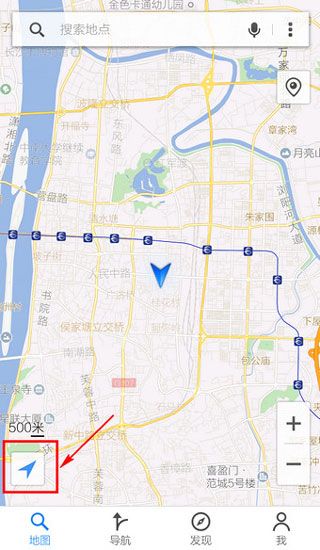 3、定位成功,“箭头”变为蓝色,图中心出现你的当前坐标。
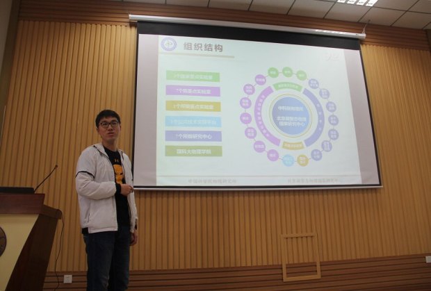 刘帅是胜游体育(SYsports)官方网站入口2010级国家基地班班长,于2014年以面试成绩A档顺利获得中科院物理所的直博名额,保送至物理所攻读博士学位。此次返校,他首先对在座同学们表达了亲切的问候,再次回到母校,看到母校的飞速发展十分自豪和感动。接下来,他介绍了中科院物理所的一些基本情况,包括其历史、历任领导、组织架构和地理位置等信息,详细描述了一些科研进展成果及获奖和文章发表的一些情况,从中可以看出物理所的科研水平一直走在全国乃至全世界的前列。另外,他介绍了自己所在的课题组,及其研究的清洁能源领域的相关知识,表示其未来发展趋势在于,基础研究走向产业化。
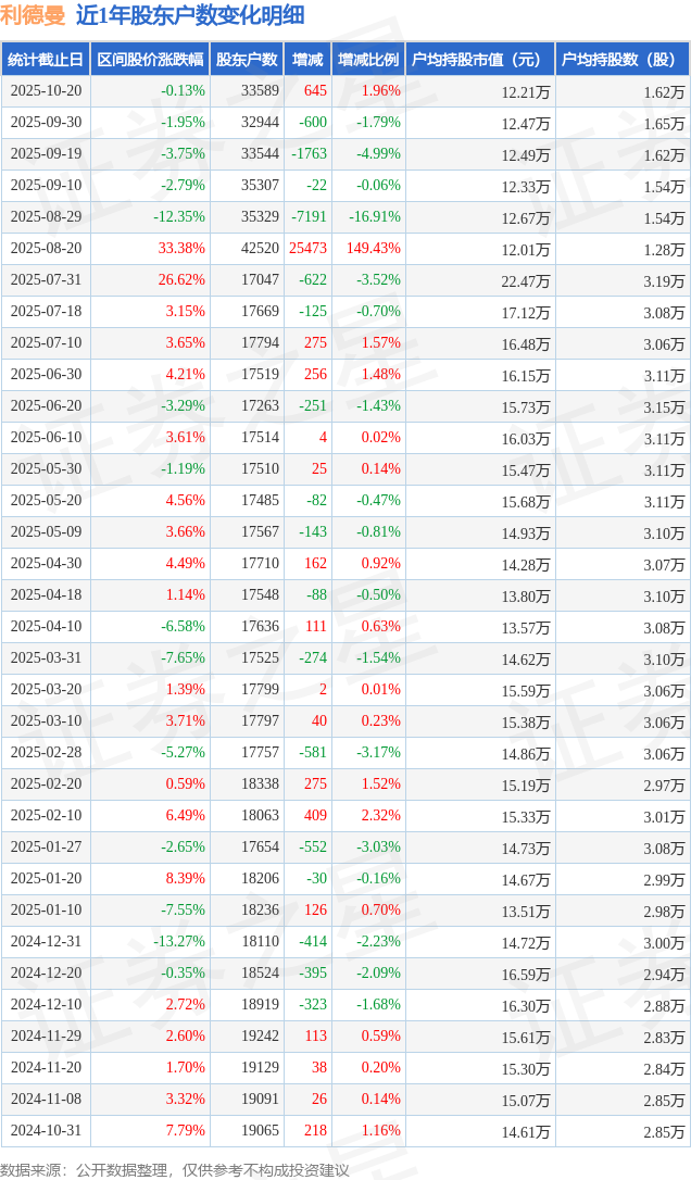 从股价来看,2025年9月30日至2025年10月20日,利德曼区间跌幅为0.13%,在此期间股东户数增加645.0户,增幅为1.96%。
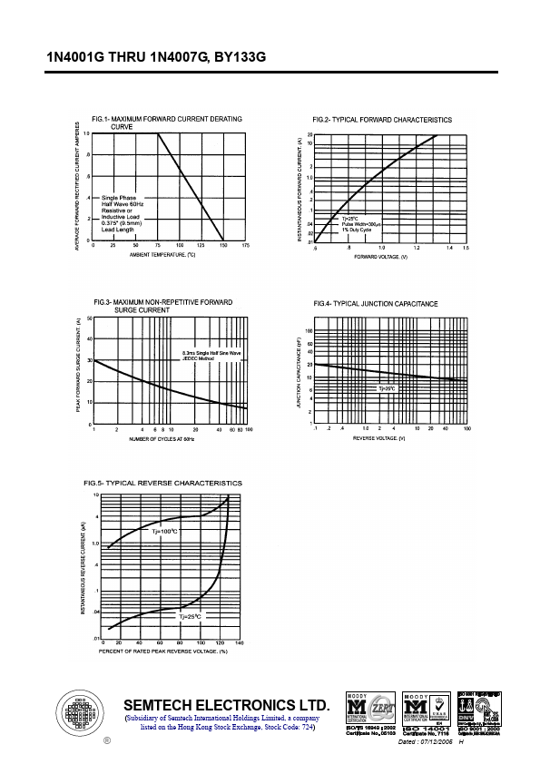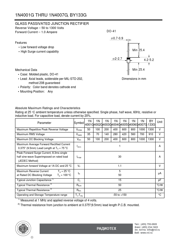 1N4001G THRU 1N4007G, BY133G GLASS PASSIVATED JUNCTION RECTIFIER Reverse Voltage * 50 to 1300 Volts Forward Current * 1.0 Ampere Featu.Features

**How to complete this task:** Could you retype every line above exactly as it appears, skipping the pictures?

**Your response:**
 3、定位成功,“箭头”变为蓝色,图中心出现你的当前坐标。
 刘帅是胜游体育(SYsports)官方网站入口2010级国家基地班班长,于2014年以面试成绩A档顺利获得中科院物理所的直博名额,保送至物理所攻读博士学位。此次返校,他首先对在座同学们表达了亲切的问候,再次回到母校,看到母校的飞速发展十分自豪和感动。接下来,他介绍了中科院物理所的一些基本情况,包括其历史、历任领导、组织架构和地理位置等信息,详细描述了一些科研进展成果及获奖和文章发表的一些情况,从中可以看出物理所的科研水平一直走在全国乃至全世界的前列。另外,他介绍了自己所在的课题组,及其研究的清洁能源领域的相关知识,表示其未来发展趋势在于,基础研究走向产业化。
 从股价来看,2025年9月30日至2025年10月20日,利德曼区间跌幅为0.13%,在此期间股东户数增加645.0户,增幅为1.96%。
 1N4001G THRU 1N4007G, BY133G GLASS PASSIVATED JUNCTION RECTIFIER Reverse Voltage * 50 to 1300 Volts Forward Current * 1.0 Ampere Featu.Features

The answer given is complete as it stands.